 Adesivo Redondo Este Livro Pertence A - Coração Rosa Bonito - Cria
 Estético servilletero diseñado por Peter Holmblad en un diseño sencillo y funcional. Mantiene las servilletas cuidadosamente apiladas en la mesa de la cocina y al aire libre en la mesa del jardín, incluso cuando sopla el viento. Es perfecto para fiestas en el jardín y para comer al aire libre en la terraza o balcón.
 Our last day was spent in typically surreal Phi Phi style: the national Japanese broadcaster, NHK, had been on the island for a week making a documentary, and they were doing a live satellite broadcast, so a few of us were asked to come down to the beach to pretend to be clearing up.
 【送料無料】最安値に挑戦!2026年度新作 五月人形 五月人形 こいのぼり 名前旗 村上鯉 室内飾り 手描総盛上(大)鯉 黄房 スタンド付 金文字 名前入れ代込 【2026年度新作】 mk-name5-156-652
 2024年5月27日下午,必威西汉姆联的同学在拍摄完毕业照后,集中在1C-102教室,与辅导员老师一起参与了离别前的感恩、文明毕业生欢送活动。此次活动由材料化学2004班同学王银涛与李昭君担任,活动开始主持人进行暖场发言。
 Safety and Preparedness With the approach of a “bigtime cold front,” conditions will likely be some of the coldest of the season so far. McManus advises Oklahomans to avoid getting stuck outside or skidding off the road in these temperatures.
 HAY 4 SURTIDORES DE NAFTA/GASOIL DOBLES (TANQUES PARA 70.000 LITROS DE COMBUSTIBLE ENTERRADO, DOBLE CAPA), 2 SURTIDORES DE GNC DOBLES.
_ _ _ _
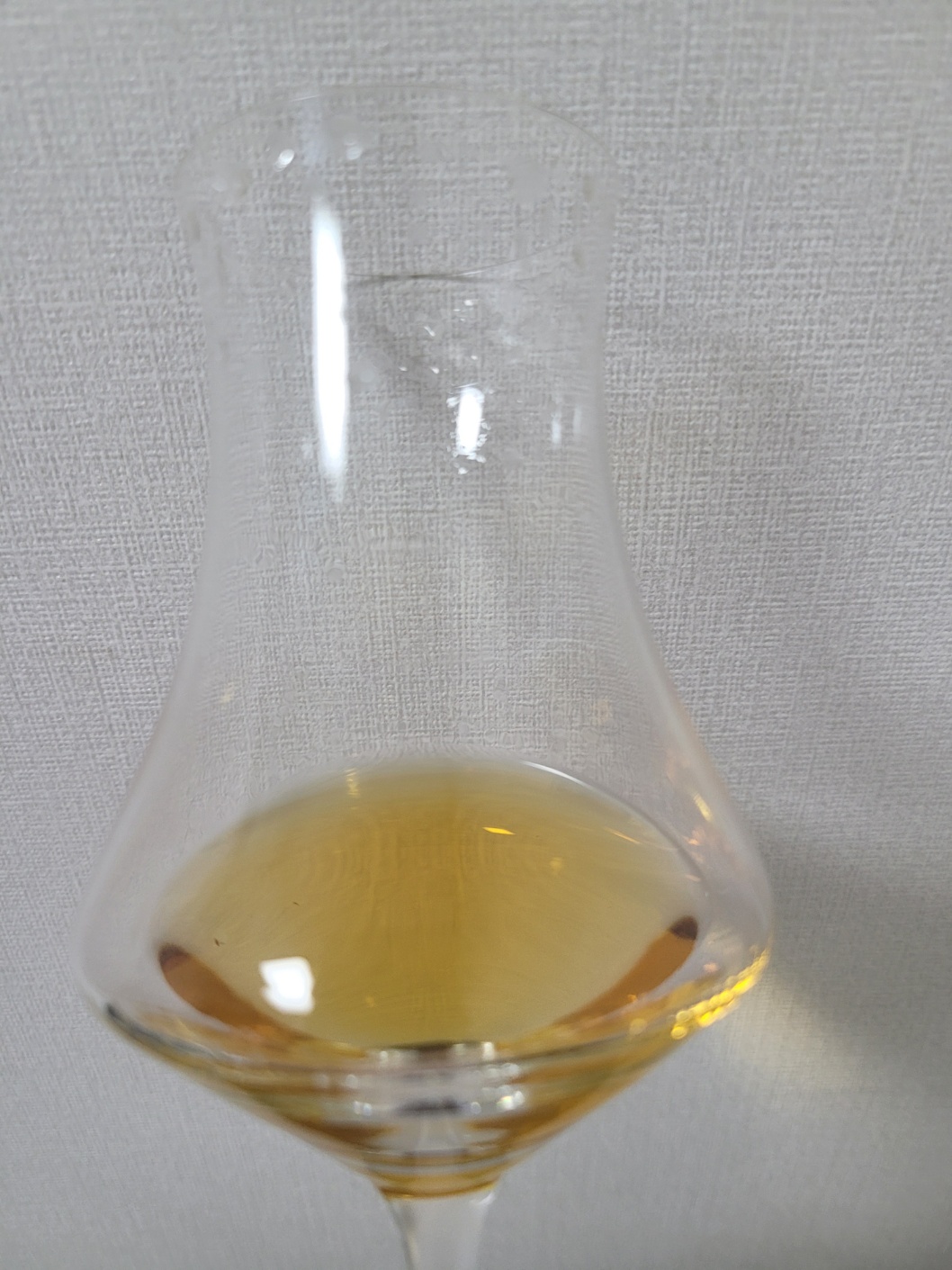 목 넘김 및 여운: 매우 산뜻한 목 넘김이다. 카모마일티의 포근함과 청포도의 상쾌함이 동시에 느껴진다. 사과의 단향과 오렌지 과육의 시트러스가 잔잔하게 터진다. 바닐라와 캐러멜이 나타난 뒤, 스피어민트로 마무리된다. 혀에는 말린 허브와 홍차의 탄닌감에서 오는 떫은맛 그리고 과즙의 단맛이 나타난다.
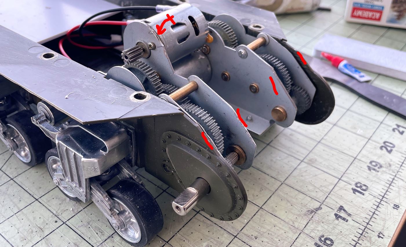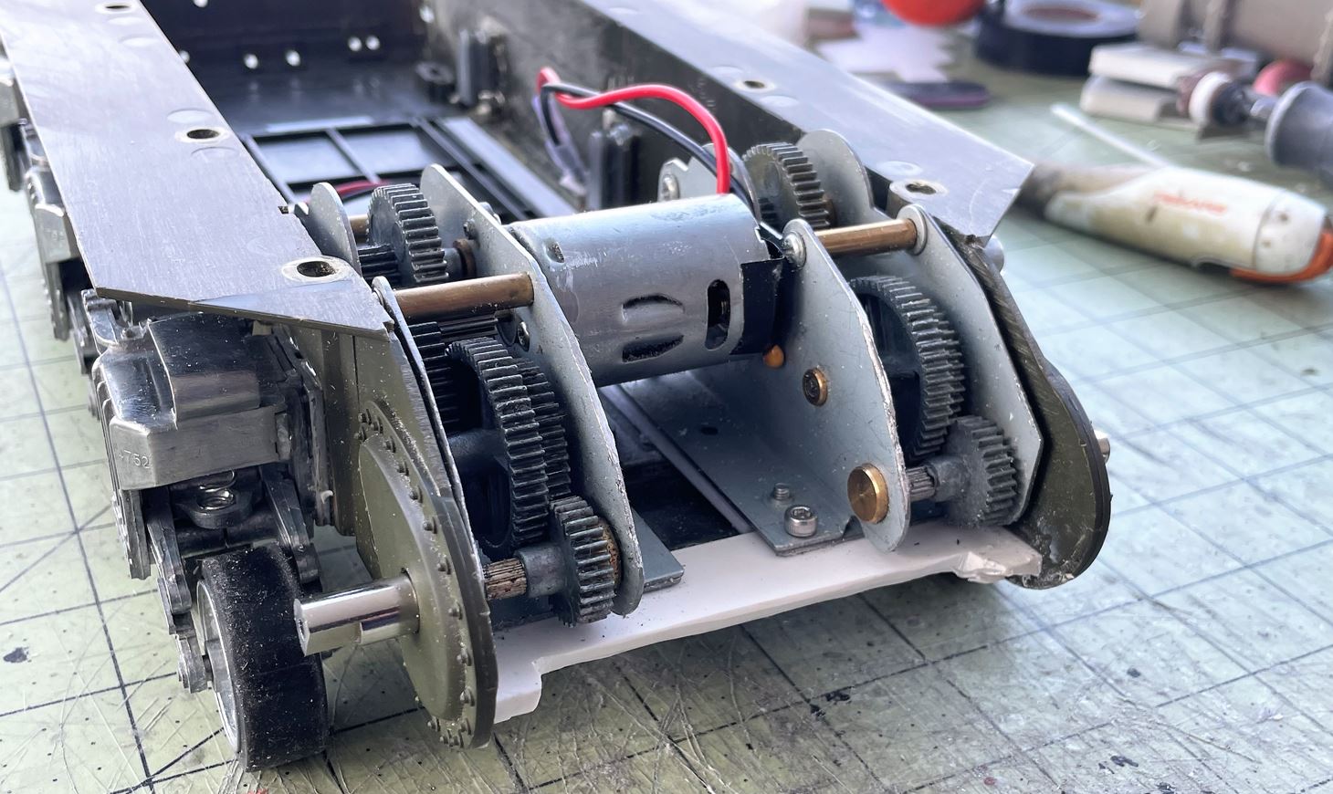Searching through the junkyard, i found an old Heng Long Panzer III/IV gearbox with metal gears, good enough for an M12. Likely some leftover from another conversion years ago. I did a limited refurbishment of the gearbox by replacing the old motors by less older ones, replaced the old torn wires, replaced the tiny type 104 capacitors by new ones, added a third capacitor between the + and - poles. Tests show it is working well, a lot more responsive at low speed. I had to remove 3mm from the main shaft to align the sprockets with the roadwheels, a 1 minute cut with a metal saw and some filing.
_ _ _ _
- **TASK TO COMPLETE**
Take the records above and return, word for word, only the lines that fall from the line with "Adesivo Redondo Este" to the line with "Safety and Preparedness", both of them included.

- **RESPONSE TO THE EXERCISE**
 Adesivo Redondo Este Livro Pertence A - Coração Rosa Bonito - Cria
 Estético servilletero diseñado por Peter Holmblad en un diseño sencillo y funcional. Mantiene las servilletas cuidadosamente apiladas en la mesa de la cocina y al aire libre en la mesa del jardín, incluso cuando sopla el viento. Es perfecto para fiestas en el jardín y para comer al aire libre en la terraza o balcón.
 Our last day was spent in typically surreal Phi Phi style: the national Japanese broadcaster, NHK, had been on the island for a week making a documentary, and they were doing a live satellite broadcast, so a few of us were asked to come down to the beach to pretend to be clearing up.
 【送料無料】最安値に挑戦!2026年度新作 五月人形 五月人形 こいのぼり 名前旗 村上鯉 室内飾り 手描総盛上(大)鯉 黄房 スタンド付 金文字 名前入れ代込 【2026年度新作】 mk-name5-156-652
 2024年5月27日下午,必威西汉姆联的同学在拍摄完毕业照后,集中在1C-102教室,与辅导员老师一起参与了离别前的感恩、文明毕业生欢送活动。此次活动由材料化学2004班同学王银涛与李昭君担任,活动开始主持人进行暖场发言。
 Safety and Preparedness With the approach of a “bigtime cold front,” conditions will likely be some of the coldest of the season so far. McManus advises Oklahomans to avoid getting stuck outside or skidding off the road in these temperatures.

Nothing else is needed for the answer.